Impacchettando i libri per il trasloco, vien fuori una vecchia edizione Newton Compton della Nascita della tragedia di Nietzsche, ormai rovinata dall'umidità. Nell'antiporta la mia firma, ancora con le maiuscole (dall'età di diciassette anni firmo con le iniziali minuscole) e la data: 1988. Sedici anni. Nell'ultima pagina trovo una annotazione sicuramente posteriore, che per quello che riesco a ricordare rientra nel progetto post-adolescenziale di un libro che doveva intitolarsi Sul terrore di Dio. Eccola. Più profondo d'ogni rito e d'ogni preghiera, più prossimo all'essenza del reale d'ogni contemplazione, è quello sguardo sconsolato sul maestoso dolore degli enti che si concreta nel presentimento d'un Dio capriccioso e terribile.

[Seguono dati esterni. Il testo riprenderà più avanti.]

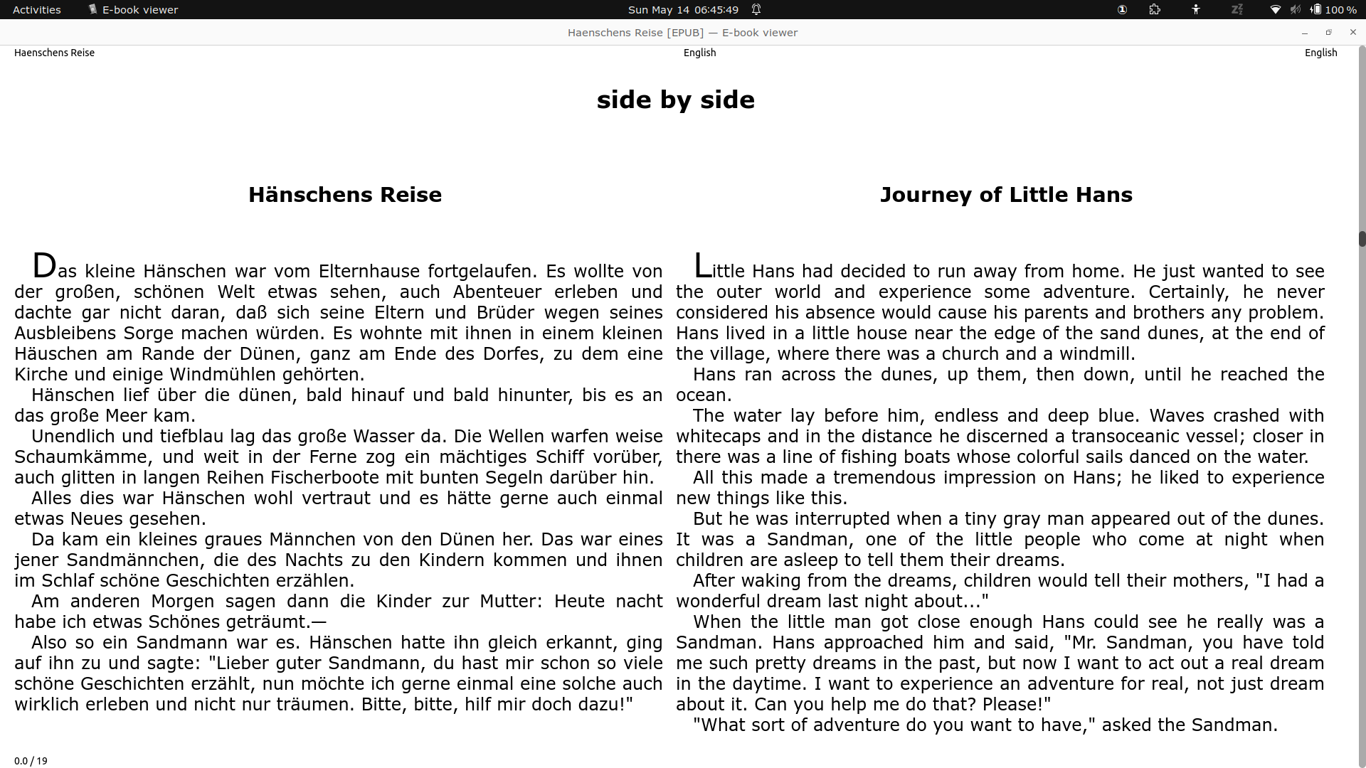 <style>h1 {clear: both; font-size: 1.4em; margin: 0; padding: 1em 0 2em; text-align: center;} h2 { font-size: 1.2em; margin: 0; padding: 1em 0 2em; text-align: center;} p { font-size: 1em; text-align: justify; margin-bottom: 1em;} .col1, col2 {float: left; width:50%} div.col1 p, div.col2 p {margin-left:0; margin-right: 0.75em}</style> <h1></h1> <div class="col1"> <h2></h2> <p></p> <p></p> </div> <div class="col2"> <h2></h2> <p></p> <p></p> </div> Paste text of language one after the first h2. Paste text of language two after second h2. Adjust styles as needed. Can print out very well as pdf. Works well with calibre reader. Probably won't work with Amazon ebooks. To adjust for English being more compact than German, reset widths separately to 45% and 55%. Best regards, Pop |

Io non sono, qui, il padrone dell'Essere; io non sono che un ospite, uno che deve prendere congedo; mi fanno compagnia il dolore e la gioia, la fuga e la mancanza: così parla l'uomo che vive e soffre in sé quel momento originario della religione che chiamo "terrore di Dio". L'uomo religioso è l'antitesi dell'uomo dell'età della tecnica: se quest'ultimo pensa alla realtà come producibilità, fa dipendere da sé la natura e le cose, orgoglioso della sua capacità di dare ordine a tutto, l'altro, il sofferente Giobbe, conosce i propri limiti, osserva lo scorrere degli eventi con calma e rassegnazione, conosce il Dio che non domina e travaglia.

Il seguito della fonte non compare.